The stones were so perfectly tucked and fitted there was nary a crevasse available into which I might wedge my petitions; the few I saw were already bursting with the prayers of other pilgrims. Unexpectedly, my breathing quickened and I began to panic. I had scores of these handwritten requests. Where would I put them? Could I make a pile on the ground next to the wall? And if I did, would they be scattered? If scattered, might they be overlooked by The Creator?

And I started to cry.

I found my wife. She wrapped her arms around me while I sobbed. I felt the gravity of friends and family who each had individually in one way or another imagined me climbing to the top of a mountain, extending my hand (with their note in it) high above my head to where the Lord could reach it and act upon it. The weight overwhelmed me. So too did the idea of trying to assure my sons’ safe and joyful passage in this life by cramming two scraps of paper with 35 hastily written words on them, into the crack of a thousands-year-old wall.

At week’s end, we made our way to the Jordan River. Having paid the $8 fee, we changed into white cotton frocks and stood waist-deep waiting our turn. The water was oddly cold for that time of year; schools of tiny fish nibbled at our toes. There were ten people in front of us. Then four. Then Lori. Now, me.

I had meant to prepare myself but the ceremony had unfolded too quickly. I made eye contact with the pastor. He said something, but I didn’t hear it. I pinched my nose with my forefinger and thumb.  He moved behind me. Whoosh! I was under the water. The day’s sounds were blunted; I kept my eyes open and could see him speaking but couldn’t make out what he was saying. I could hear my own heart and blood coursing through my head, but little else.

He hoisted me up. People were clapping. I spotted Lori who was already on shore; I scanned her face looking for evidence that she had heard Him or saw Him or felt Him.

Nothing.

As I had been one of the last on our bus, once I toweled off, it was time to leave. I traded my wet clothes for dry ones and climbed on board the motor coach.
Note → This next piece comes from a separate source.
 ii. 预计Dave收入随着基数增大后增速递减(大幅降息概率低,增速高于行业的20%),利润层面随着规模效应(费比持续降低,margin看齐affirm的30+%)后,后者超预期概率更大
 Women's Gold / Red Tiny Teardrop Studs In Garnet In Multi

The final days would be a blur. Soon, we were back in Tel Aviv at Yafo Ben Gurion International Airport, belted into our seats and ready for take-off.
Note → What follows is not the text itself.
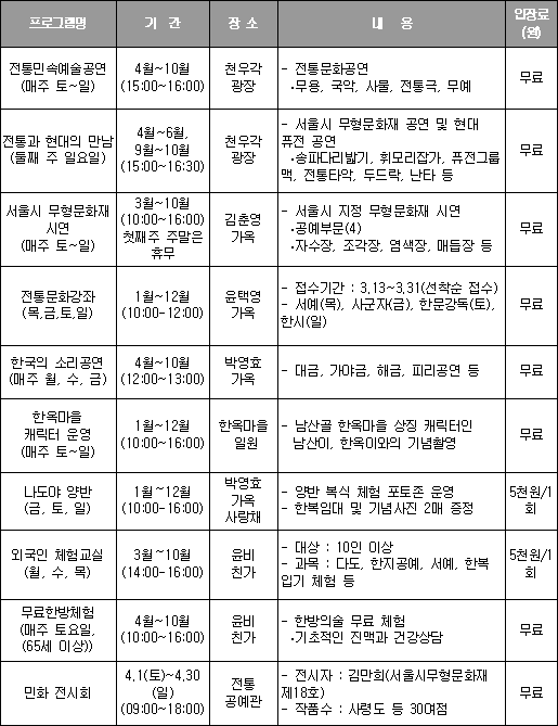 ■ 남산골한옥마을 : 강좌 및 공연프로그램 (☎ 2266-6923)

As the wheels left the ground, it hit me.

I had gone to Israel to underwrite my faith through intellectual observation. But faith isn’t the result of intellectual reasoning and pursuit. Faith is the result of faith.

It’s almost cruel. God created us to be curious and skeptical. He gifted us to learn through word, sight, and experience. Yet, with rare exception, none of us will ever auditorily hear Him, or visually see Him, or kinesthetically feel Him.

He communicates to us subdurally – at our fiber … our core … our being. To understand Him and His desire for our lives, we need new ears to hear, new eyes to see, and new hearts to feel.

I pray that while he was underneath the water, my friend Andrew received them all.